◆ Task requirements
The entire listing below is to be written out exactly, minus the pictures.

◆ Material provided
-- Opening Marker --

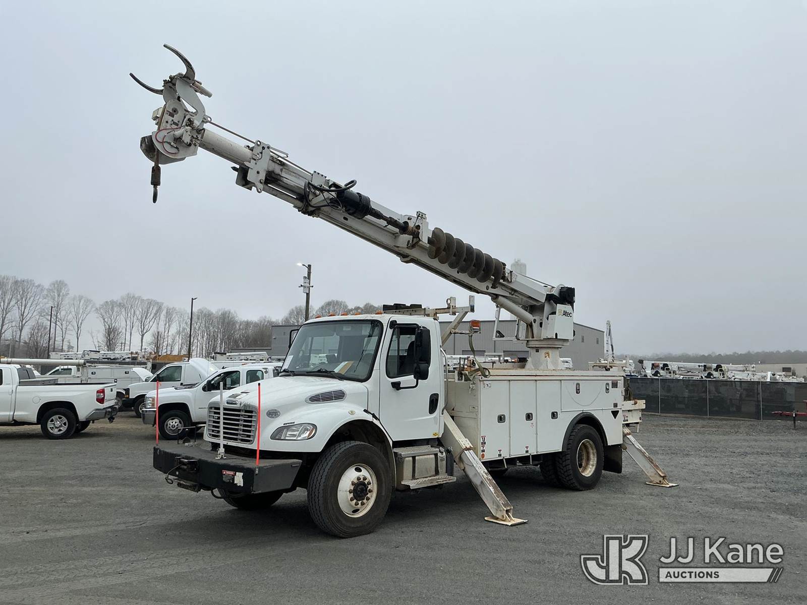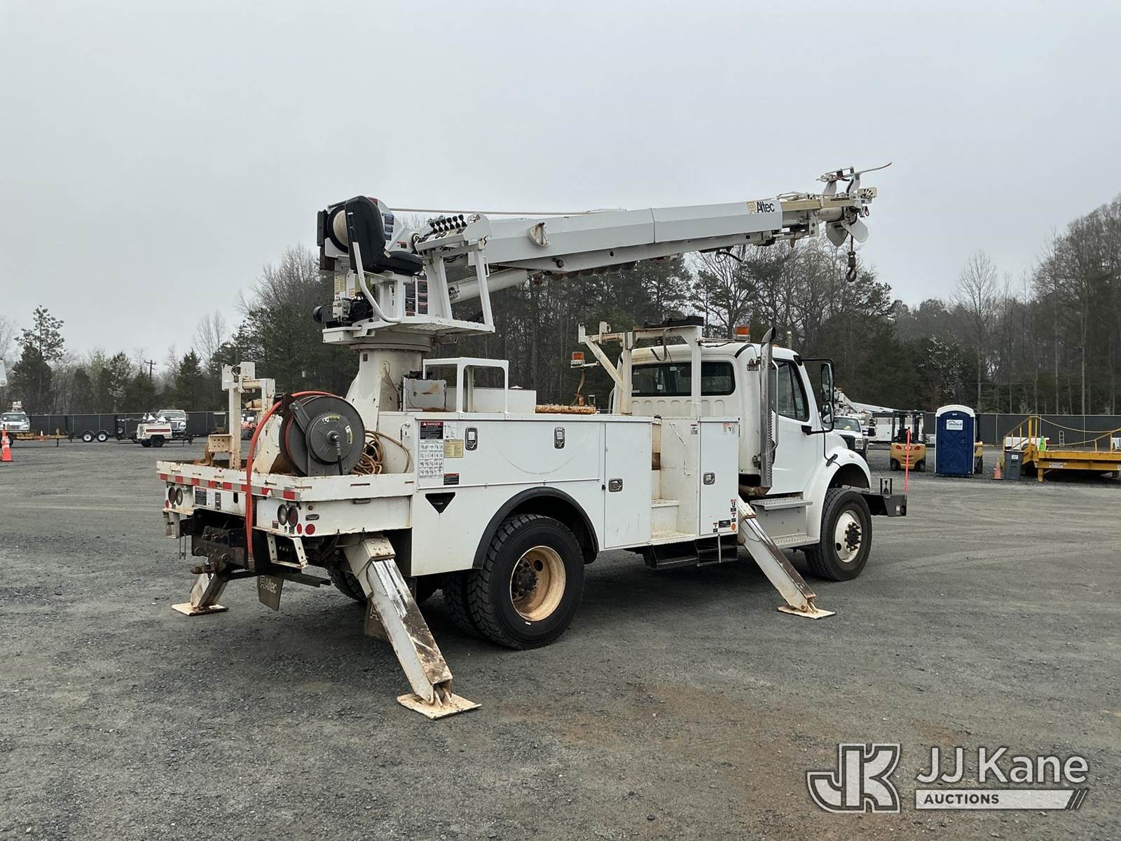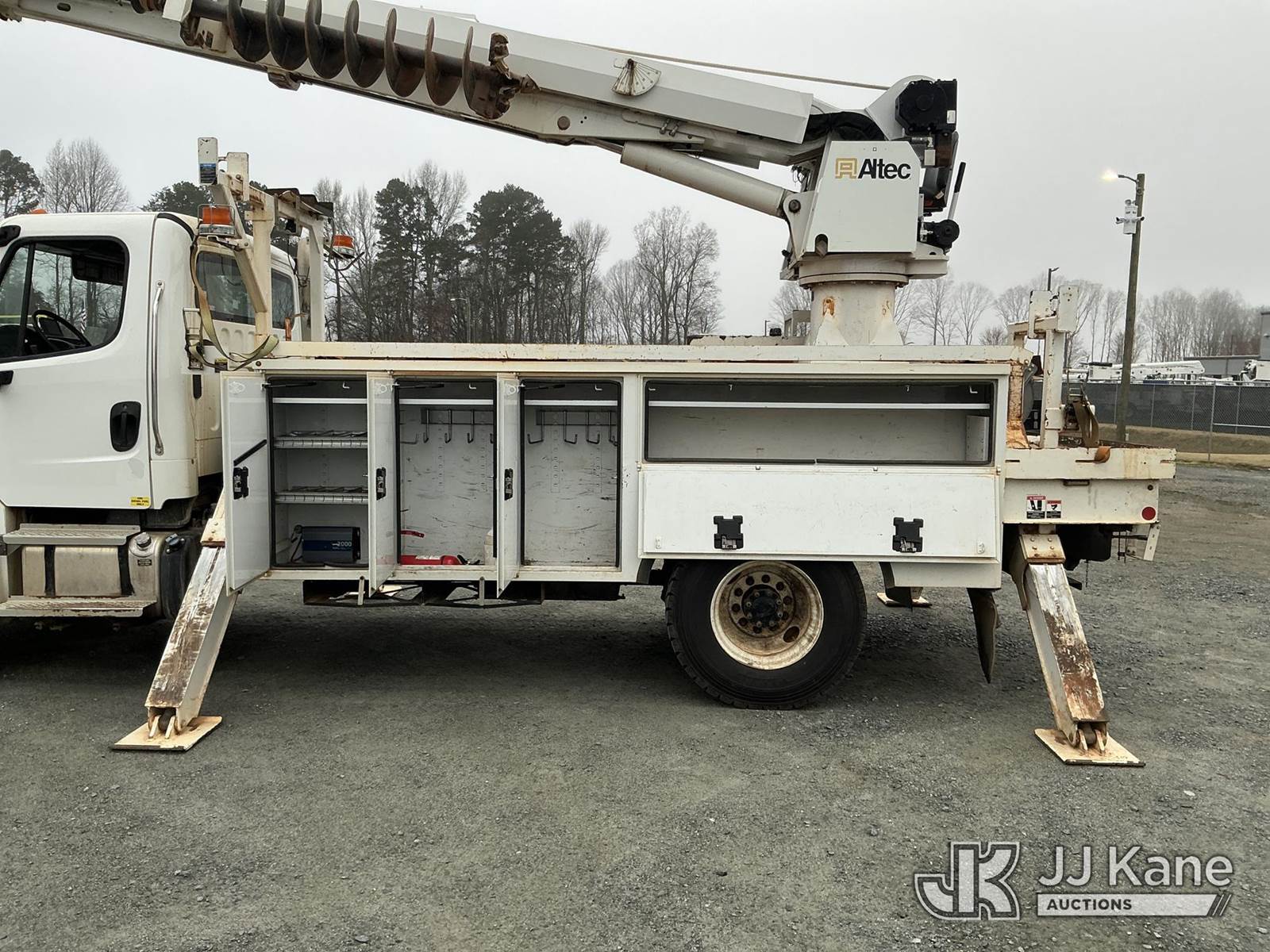Altec DM47B-TR, 23,790 Lb Digger Derrick s/n 0219FR4886, with 47ft sheave height, 2spd digger, heel winch, upper controls, pole grabs, riding console, wireless remote, rear mounted on 2019 Freightliner M2 106 4x4 Utility Truck, Cummins 6.7L diesel, Auto, A/C, with front winch , (55,289 miles) (Runs, Moves & Upper Operates ) This is a Titled Item NOTE: This unit is being sold AS IS/WHERE IS via Timed Auction and is located in China Grove, NC. Inspection & preview days for this unit are the 2 business days prior to the first day of items closing for this auction, item is located at 820 E NC Hwy 152 China Grove, NC 28023 and hours of operations are 8a-4p. For pre-sale questions, please contact Office Staff @ (704) 674-1113. (Manuals provided in cab) (Buyer is responsible for removal. Assistance by consignor or JJ Kane Auctions is not assured.)
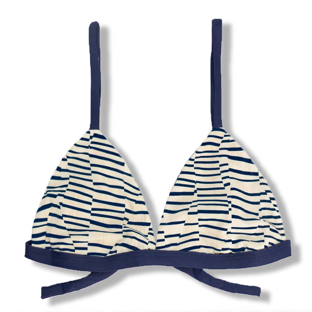 Top Jade Mareia | Cortininha Triângulo Fixo | Estilo Sutiã com Amarração nas Costas | Alças com Regulagem | Biquíni Estampado | Detalhes Azul Marinho
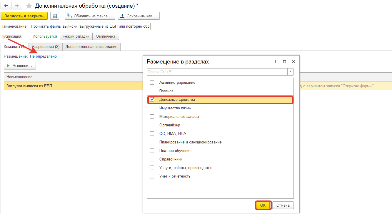 либо для удобства внести ее в разделе Администрирование-Печ. формы, отчеты и обработки-Добавить из файла и выбрать обработку Записать и закрыть. Далее в поле Размещение указать в каких разделах должна быть расположена данная обработка.
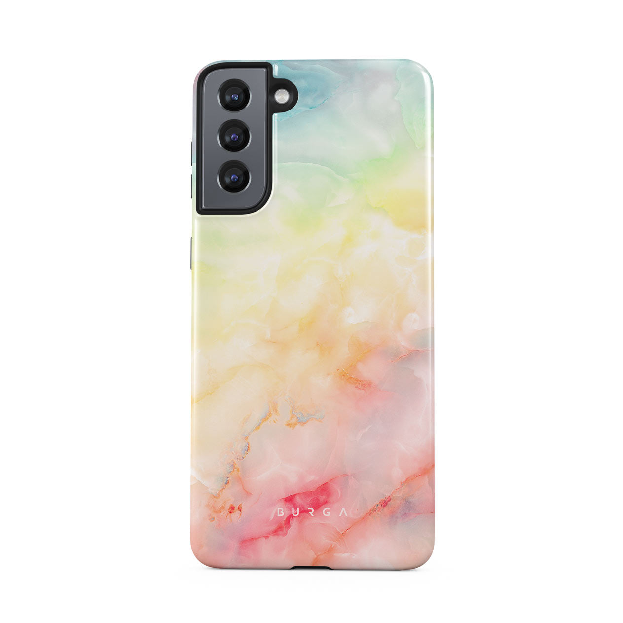 Color your world with our New Flame Samsung Galaxy S21 phone case. Inspired by the rainbow, this case is guaranteed to brighten your style. The dreamy pastel rainbow and the shockproof design of our case will keep your phone safe and sound while looking better than ever.

-- Closing Marker --

◆ Response for this exercise
Altec DM47B-TR, 23,790 Lb Digger Derrick s/n 0219FR4886, with 47ft sheave height, 2spd digger, heel winch, upper controls, pole grabs, riding console, wireless remote, rear mounted on 2019 Freightliner M2 106 4x4 Utility Truck, Cummins 6.7L diesel, Auto, A/C, with front winch , (55,289 miles) (Runs, Moves & Upper Operates ) This is a Titled Item NOTE: This unit is being sold AS IS/WHERE IS via Timed Auction and is located in China Grove, NC. Inspection & preview days for this unit are the 2 business days prior to the first day of items closing for this auction, item is located at 820 E NC Hwy 152 China Grove, NC 28023 and hours of operations are 8a-4p. For pre-sale questions, please contact Office Staff @ (704) 674-1113. (Manuals provided in cab) (Buyer is responsible for removal. Assistance by consignor or JJ Kane Auctions is not assured.)
 Top Jade Mareia | Cortininha Triângulo Fixo | Estilo Sutiã com Amarração nas Costas | Alças com Regulagem | Biquíni Estampado | Detalhes Azul Marinho
 либо для удобства внести ее в разделе Администрирование-Печ. формы, отчеты и обработки-Добавить из файла и выбрать обработку Записать и закрыть. Далее в поле Размещение указать в каких разделах должна быть расположена данная обработка.
 Color your world with our New Flame Samsung Galaxy S21 phone case. Inspired by the rainbow, this case is guaranteed to brighten your style. The dreamy pastel rainbow and the shockproof design of our case will keep your phone safe and sound while looking better than ever.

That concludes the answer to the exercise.